> [DIRECTIONS]
Copy every entry below exactly, and keep out the pictures.

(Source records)
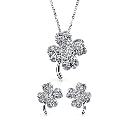 -. Title : Bling Jewelry 925 Silver CZ Pave Clover Pendant Necklace and Earrings Set
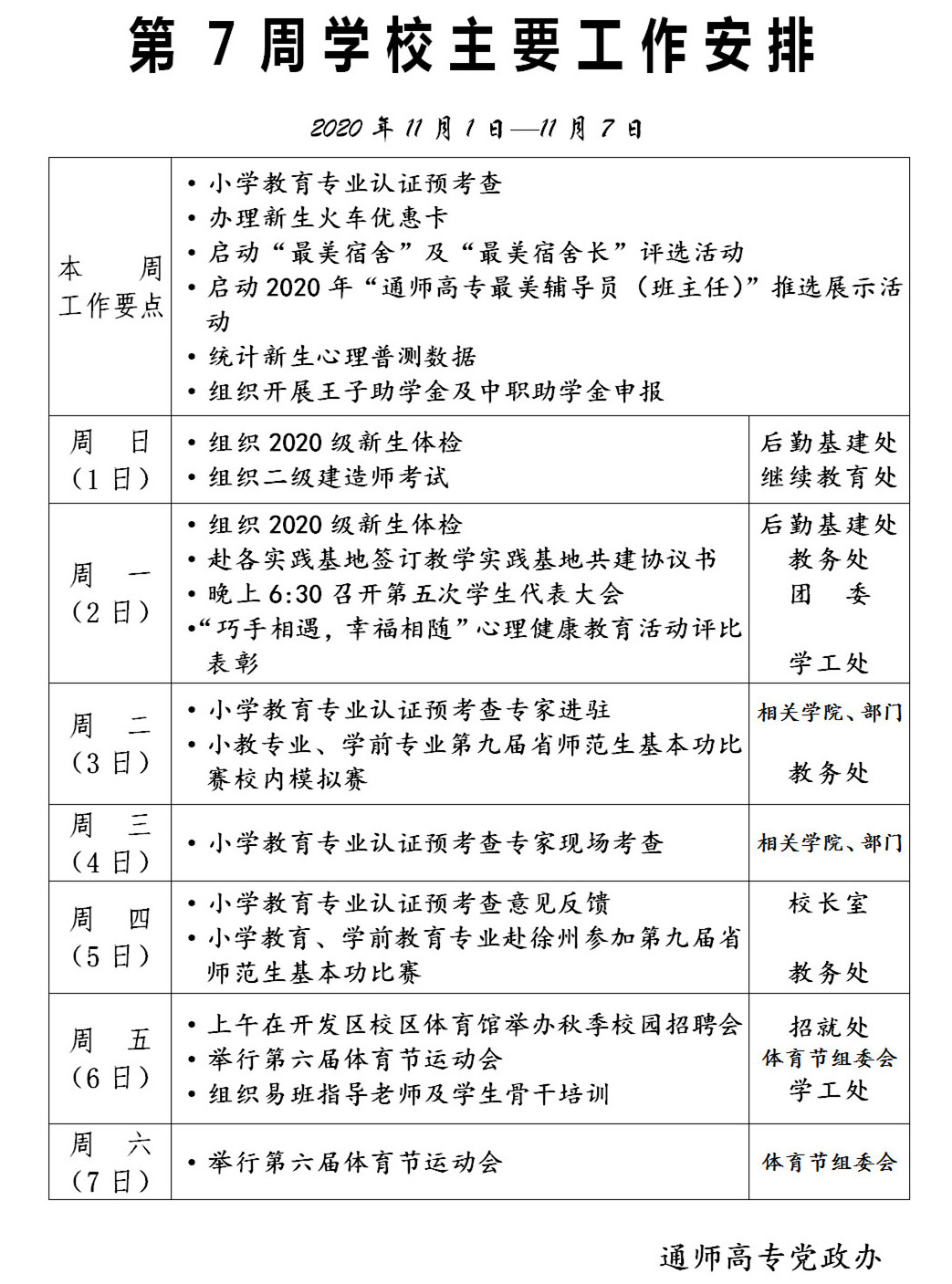 2020-2021学年第一学期第7周多盈体育(中国)主要工作安排
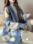超お買い得3390円★ミドル丈ニットカーディガン ロングスリーブプルオーバージャケット USAサイズM(日本サイズXL相当)青
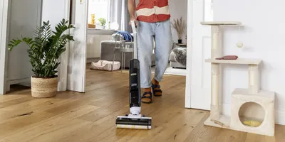 Our FCV 4 vacuum mop does all the thinking for your: its smart dirt sensor automatically detects the degree of soiling and optimally adjusts both the suction power and the amount of water. This means you get perfect cleaning results every time – with no manual readjustment needed.
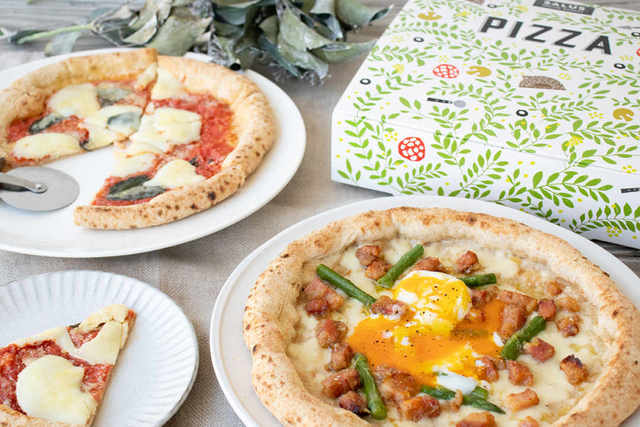 ダ・グランツァ監修のサルース オンライン マーケットオリジナル冷凍ピッツァは、定番の「マルゲリータ」と「カルボナーラ」の全2種類。黄緑のさわやかな箱に入って到着します。ピッツァは一枚一枚個装されており、単品でも複数枚のセットでも購入可能です。
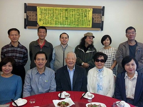 華語詩壇泰斗譽為「詩魔」洛夫伉儷(圖中)昨由金門名報導作家楊樹清(第2排右1)、名攝影師鐘永和(第2排右3)、馬祖曹依俤(左2)等友人陪同,重遊54年後馬祖。(圖:宋志富攝)
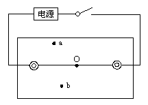 在实验中,按下电键,接通电路,若一个探针与基准点O接触,另一探针已分别在基准点O的两侧找到了实验所需要的两点a、b(如图)所示,则当此探针与a点接触时,电表的指针应________(左偏、指零、右偏);当此探针与b点接触时,电表的指针应________(左偏、指零、右偏).
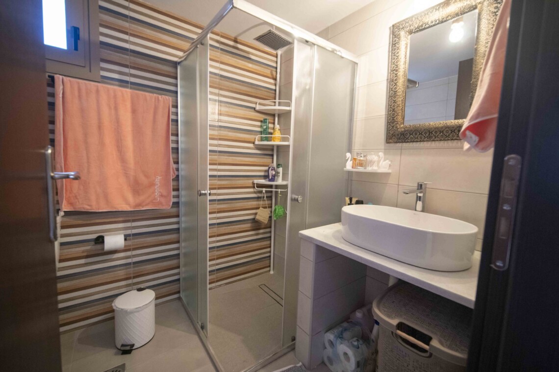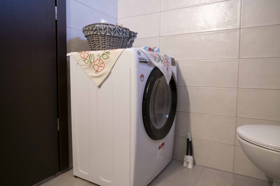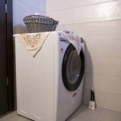 Across from the second bedroom, you’ll find the bathroom, complete with a shower and a washing machine, catering to all your needs during your stay.
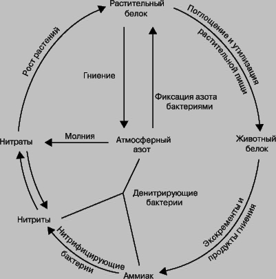 Представьте себе, что биосфера состоит из двух сообщающихся резервуаров с азотом — огромного (в нем находится азот, содержащийся в атмосфере и океанах) и совсем маленького (в нем находится азот, содержащийся в живых существах). Между этими резервуарами есть узкий проход, в котором азот тем или иным способом связывается. В нормальных условиях азот из окружающей среды попадает через этот проход в биологические системы и возвращается в окружающую среду после гибели биологических систем.

> [RESULT FOR THIS EXERCISE]
 -. Title : Bling Jewelry 925 Silver CZ Pave Clover Pendant Necklace and Earrings Set
 2020-2021学年第一学期第7周多盈体育(中国)主要工作安排
超お買い得3390円★ミドル丈ニットカーディガン ロングスリーブプルオーバージャケット USAサイズM(日本サイズXL相当)青
 Our FCV 4 vacuum mop does all the thinking for your: its smart dirt sensor automatically detects the degree of soiling and optimally adjusts both the suction power and the amount of water. This means you get perfect cleaning results every time – with no manual readjustment needed.
 ダ・グランツァ監修のサルース オンライン マーケットオリジナル冷凍ピッツァは、定番の「マルゲリータ」と「カルボナーラ」の全2種類。黄緑のさわやかな箱に入って到着します。ピッツァは一枚一枚個装されており、単品でも複数枚のセットでも購入可能です。
 華語詩壇泰斗譽為「詩魔」洛夫伉儷(圖中)昨由金門名報導作家楊樹清(第2排右1)、名攝影師鐘永和(第2排右3)、馬祖曹依俤(左2)等友人陪同,重遊54年後馬祖。(圖:宋志富攝)
 在实验中,按下电键,接通电路,若一个探针与基准点O接触,另一探针已分别在基准点O的两侧找到了实验所需要的两点a、b(如图)所示,则当此探针与a点接触时,电表的指针应________(左偏、指零、右偏);当此探针与b点接触时,电表的指针应________(左偏、指零、右偏).
 Across from the second bedroom, you’ll find the bathroom, complete with a shower and a washing machine, catering to all your needs during your stay.
 Представьте себе, что биосфера состоит из двух сообщающихся резервуаров с азотом — огромного (в нем находится азот, содержащийся в атмосфере и океанах) и совсем маленького (в нем находится азот, содержащийся в живых существах). Между этими резервуарами есть узкий проход, в котором азот тем или иным способом связывается. В нормальных условиях азот из окружающей среды попадает через этот проход в биологические системы и возвращается в окружающую среду после гибели биологических систем.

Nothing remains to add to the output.